Но ведь он хотел лучшего! За что ж так мучат его они — эти воспоминания? В первом случае он, кажется, достиг того, что стало лучше. Царствование Екатерины было славное: и победа над врагами, и законодательство, и развитие производительности!.. Да! Но кто тебя избрал быть решителем судьбы русского народа? Кто дал тебе право судить, что лучше и что хуже для его будущего? Кто дал право своевольно распоряжаться и давать то, отнимая это, и не на данную только минуту, а надолго, надолго, пока сделанная тобою перемена не сольется с общим ходом жизни?

Какой же ответ дашь ты в этом самовольстве, в этом самодурстве твоем? Ты коснулся того, что неприкосновенно; кощунствовал над тем, что свято. Русский ли человек оправдает тебя? Ты хотел лучшего — говоришь ты, — да! Для себя, не думая о том, что то, чего ты святотатственно касаешься, относится ко всем. За это нет тебе прощенья. Имя твое перейдет потомству, как имя злодея, который ради земных благ, ради своего чревоугодничества не признавал границ своему самохотению. Что же тут твоя доброта, твое ломанье перед народом?

А другой случай — воспоминание вечера. Здесь нет неприкосновенности, нет святости, тут просто уничтожение интриги — польской или иезуитской, французской или шведской — это все равно, интриги, во всяком случае направленной против России, против ее спокойствия. Такая интрига могла тяжко отозваться на всем царстве русском, могла много зла принести нашему любимому Отечеству. Полно, Алексей Григорьевич! Неужто ты в самом деле мог думать, что молодая, неопытная женщина, без гроша денег, с двумя-тремя ухаживателями, хотя бы эти ухаживатели были мелкие князьки Священной Римской империи, может быть опасною русскому православному царству, и в такое-то время, когда громы побед его только что заставили дрожать Балканы и Карпаты? Нет, ты не так наивен, ты не думал этого! А тебе просто хотелось подняться, сделать что-нибудь выходящее из ряду. Брат же твой, князь Григорий Григорьевич, потерял свой кредит и случай в это время, и тебя очень хотели затемнить, и было на чем затемнить, хотя бы на том только, что потребовалась бы более строгая отчетность, чем та, от какой тебе хотелось отделаться! Хорошо, но все же, положим, не очень опасную интриганку не дурно было уловить для прекращения всех смут и толков. Ведь тут нельзя не признать — нет неприкосновенности, нет ничего особенно дорогого, нет святого, заветного? За что же может тут мучить совесть, отчего при воспоминаниях замирает сердце? Очень просто! Нет тут неприкосновенности, ни святости, а есть, в глазах народа, любящая женщина!
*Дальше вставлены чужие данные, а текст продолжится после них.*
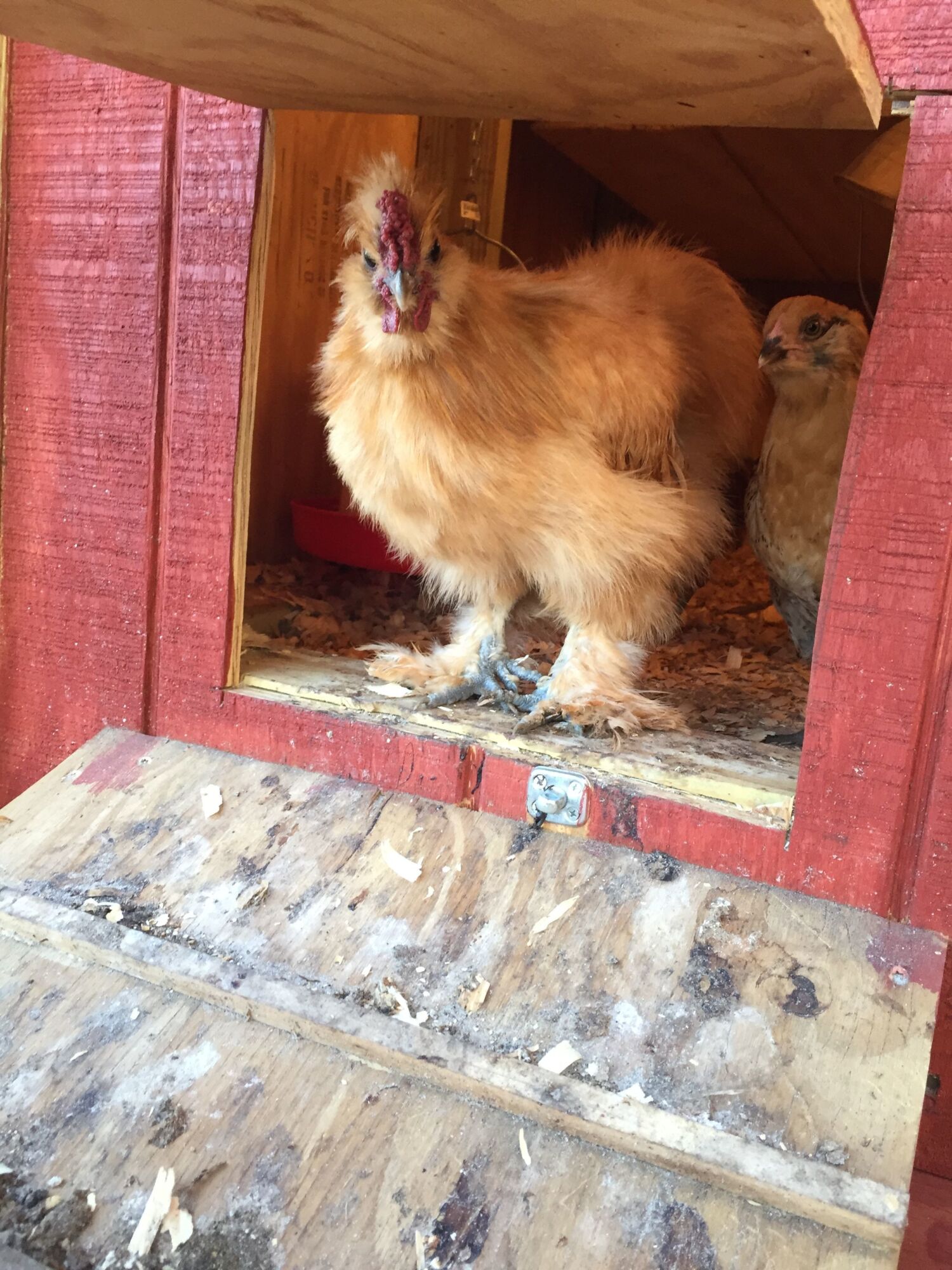 She has spent the day in a 3x3 foot run with water and layers pellets. Let her out about 4.20 when I got home and she ate some spinach and more layers.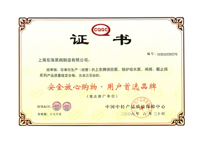 上海东海泵阀制造有限公司:经多年春秋风雨和市场洗礼,正发展成为大规模、集科研、产品开发、制造、销售服务于一体的科研型创新企业。公司2000年率先通过ISO90001国际质量认证,2003年2月又通过了ISO9001 2000版标准认证,2007年1月又通过了ISO2000国际认证,2006年荣获上海市泵阀二十强企业。

Подумай, граф Алексей Григорьевич, благородно ли, честно ли, наконец, разумно ли заставить себя любить, для того, чтобы продать; вызвать сочувствие и откровенность для обмана и предательства? Честно ли, благородно ли, человечно ли принять личину преданности, более — страсти, для уничтожения и гибели? А ты уничтожил и погубил не только беспредельно любящую тебя, но и твоего собственного, родного сына. И ты хочешь быть спокоен в своей совести? Хочешь смотреть на себя, как на человека доброго, благодетельного? Подумай лучше, можешь ли ты смотреть на себя хоть просто как на человека? Положим, нужно было разбить интригу. Но ты разве не знаешь силы любви, разве тебе неизвестно могущество ее влияния? Любящая женщина, преданная тебе бесконечно, легко могла бы убедиться в невозможности того, что рисовало ее воображение, но никак не диктовал разум. А тогда не было ли бы достигнуто то же, только средствами разума и чести, а не проходимством воровства, предательства и самого зверского кощунства над чувством, над отношениями и над разумом истины? Подумай, вот ты женился, женился по своему выбору на восемнадцатилетней девице, хорошенькой, очень хорошенькой, знатного рода, со связями и богатством. Авдотья Николаевна Лопухина пошла за тебя не насильно же? Стало быть, ты имел все шансы в женитьбе своей надеяться на счастье самое полное, самое совершенное. Но был ли ты счастлив с ней хоть одну минуту, так счастлив, как с тою, которую ты предал, обманул?.. Нет, ты знаешь это, сознаешь это, и даже сам не понимаешь отчего. Жена прожила недолго, оставила дочь. Графиня Анна Алексеевна не красавица, но хорошая девушка, сказать нечего! И государыня ее любит, и все справедливость отдают. Но видишь ли ты в ней то, что хотел бы видеть в своей дочери? Нет, тысячу раз нет! Она не то, что ты бы хотел, чего ожидал, чего надеялся! Она хорошая девушка, но не такая, какой ты желал!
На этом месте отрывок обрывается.